Natural language processing (NLP) is the discipline of building machines that can manipulate human language — or data that resembles human language — in the way that it is written, spoken, and organized. It evolved from computational linguistics, which uses computer science to understand the principles of language, but rather than developing theoretical frameworks, NLP is an engineering discipline that seeks to build technology to accomplish useful tasks. NLP can be divided into two overlapping subfields: natural language understanding (NLU), which focuses on semantic analysis or determining the intended meaning of text, and natural language generation (NLG), which focuses on text generation by a machine. NLP is separate from — but often used in conjunction with — speech recognition, which seeks to parse spoken language into words, turning sound into text and vice versa. 

Siri and Alexa are one such example of uses of NLP.

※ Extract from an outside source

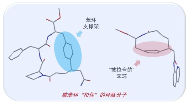 据介绍,这个新的环肽合成方法简洁、高效,底物适用范围广,且能够生成具有独特“苯环支撑架”结构的三维环肽骨架,为构建体积各异的环肽化合物提供了一条通用的途径。令研究人员意外的是,除大环外,具有超高环张力的小环环肽化合物也能通过上述方法高效制备。单晶结构显示,一些作为支撑结构的苯环在环张力作用下发生了罕见的弯曲,从原本的平面结构变成了“类船式”结构。

We will use NLP for text analytics.


There many libraries available for NLP in python. we will focus on the two most important one's :

* Natural Languange Tool Kit (NLTK)
* Spacy

### Tokenization

Tokenization is a process of breaking down a given paragraph of text into a list of sentence or words. When paragraph is broken down into list of sentences, it is called sentence tokenization.
Similarly, if the sentences are further broken down into list of words, it is known as Word tokenization.

### Example Text
Below is a given paragraph, let's see how tokenization works on it:

Denmark is a Scandinavian country comprising the Jutland Peninsula and numerous islands. It's linked to nearby Sweden via the Öresund bridge. Copenhagen, its capital, is home to royal palaces and colorful Nyhavn harbor, plus the Tivoli amusement park and the iconic “Little Mermaid” statue. Odense is writer Hans Christian Andersen’s hometown, with a medieval core of cobbled streets and half-timbered houses.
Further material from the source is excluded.